Your objective - All of the data is to be written out again exactly, without the pictures.

Data to process -
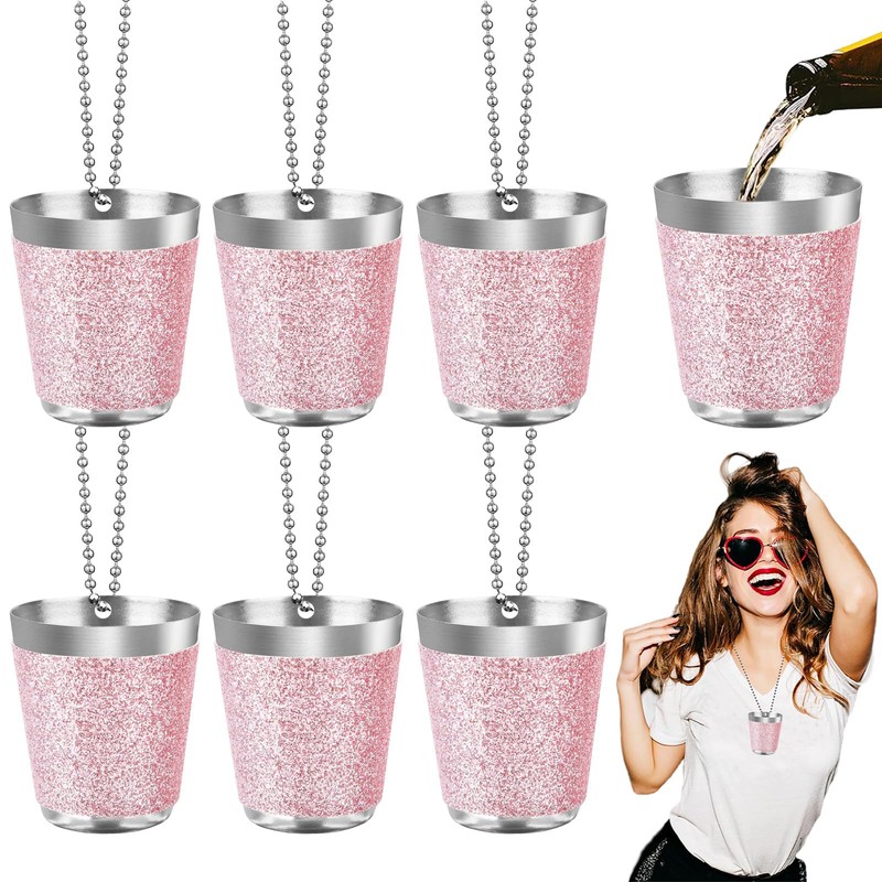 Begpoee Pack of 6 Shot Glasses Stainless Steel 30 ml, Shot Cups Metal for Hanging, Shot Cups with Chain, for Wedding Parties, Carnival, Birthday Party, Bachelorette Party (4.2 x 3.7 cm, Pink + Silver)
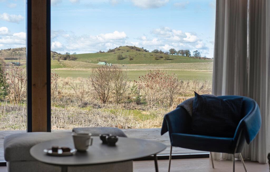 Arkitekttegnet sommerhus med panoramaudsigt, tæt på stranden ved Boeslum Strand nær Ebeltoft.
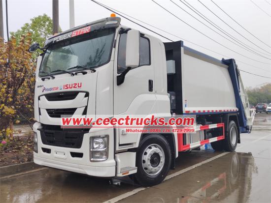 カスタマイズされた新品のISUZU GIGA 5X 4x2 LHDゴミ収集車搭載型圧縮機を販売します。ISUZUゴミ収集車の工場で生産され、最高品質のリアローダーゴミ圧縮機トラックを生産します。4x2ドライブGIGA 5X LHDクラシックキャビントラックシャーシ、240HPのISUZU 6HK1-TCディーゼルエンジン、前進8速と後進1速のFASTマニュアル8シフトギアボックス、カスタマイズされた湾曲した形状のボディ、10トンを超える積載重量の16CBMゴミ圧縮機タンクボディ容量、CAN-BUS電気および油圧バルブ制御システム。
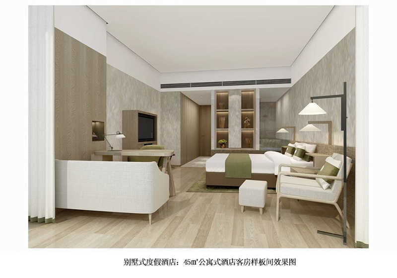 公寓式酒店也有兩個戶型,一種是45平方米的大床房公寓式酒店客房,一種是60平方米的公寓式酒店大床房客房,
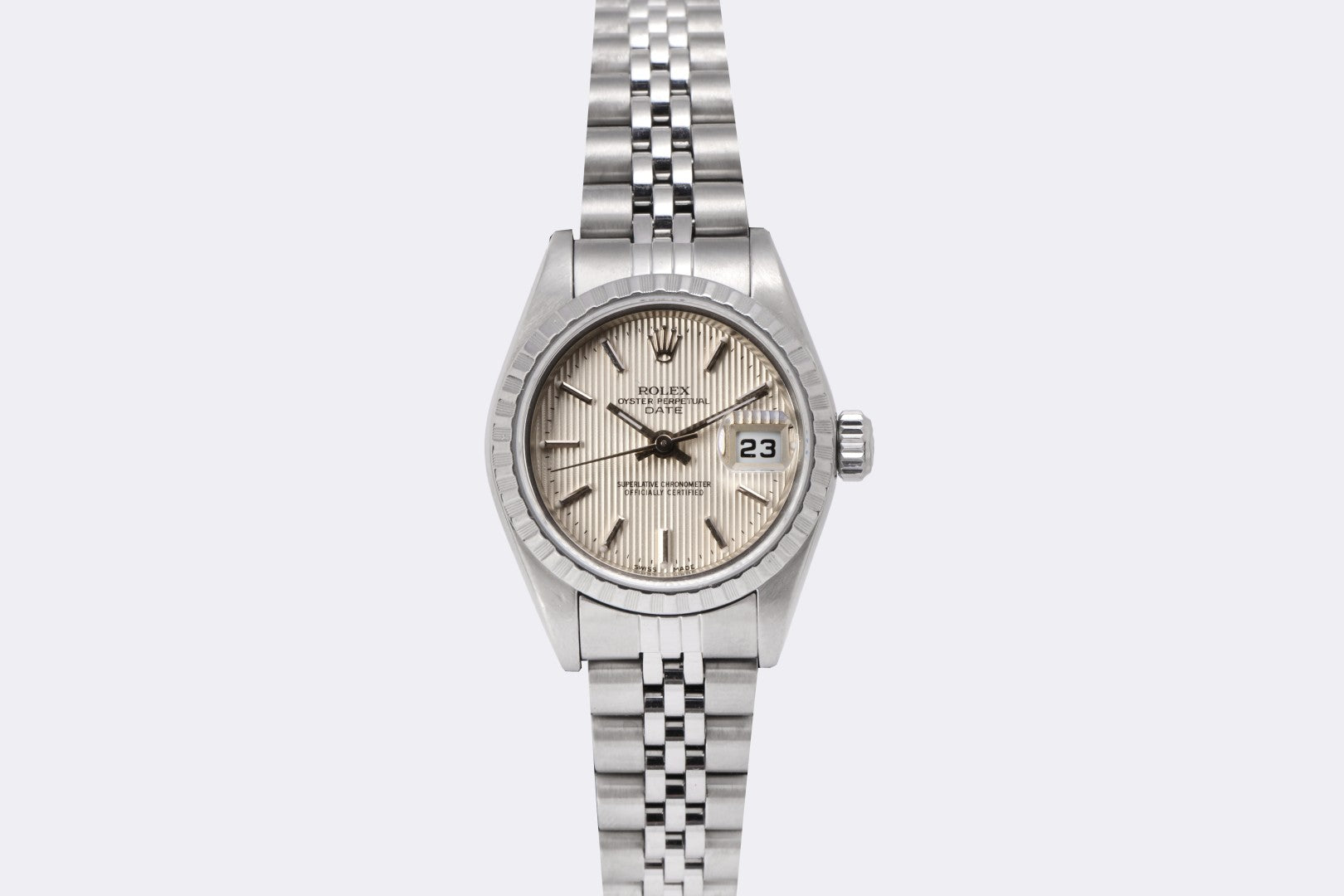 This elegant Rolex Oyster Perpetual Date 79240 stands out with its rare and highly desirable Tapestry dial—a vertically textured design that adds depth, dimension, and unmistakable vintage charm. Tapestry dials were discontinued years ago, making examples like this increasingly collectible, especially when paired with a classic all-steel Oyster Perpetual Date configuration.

Final answer -
 Begpoee Pack of 6 Shot Glasses Stainless Steel 30 ml, Shot Cups Metal for Hanging, Shot Cups with Chain, for Wedding Parties, Carnival, Birthday Party, Bachelorette Party (4.2 x 3.7 cm, Pink + Silver)
 Arkitekttegnet sommerhus med panoramaudsigt, tæt på stranden ved Boeslum Strand nær Ebeltoft.
 カスタマイズされた新品のISUZU GIGA 5X 4x2 LHDゴミ収集車搭載型圧縮機を販売します。ISUZUゴミ収集車の工場で生産され、最高品質のリアローダーゴミ圧縮機トラックを生産します。4x2ドライブGIGA 5X LHDクラシックキャビントラックシャーシ、240HPのISUZU 6HK1-TCディーゼルエンジン、前進8速と後進1速のFASTマニュアル8シフトギアボックス、カスタマイズされた湾曲した形状のボディ、10トンを超える積載重量の16CBMゴミ圧縮機タンクボディ容量、CAN-BUS電気および油圧バルブ制御システム。
 公寓式酒店也有兩個戶型,一種是45平方米的大床房公寓式酒店客房,一種是60平方米的公寓式酒店大床房客房,
 This elegant Rolex Oyster Perpetual Date 79240 stands out with its rare and highly desirable Tapestry dial—a vertically textured design that adds depth, dimension, and unmistakable vintage charm. Tapestry dials were discontinued years ago, making examples like this increasingly collectible, especially when paired with a classic all-steel Oyster Perpetual Date configuration.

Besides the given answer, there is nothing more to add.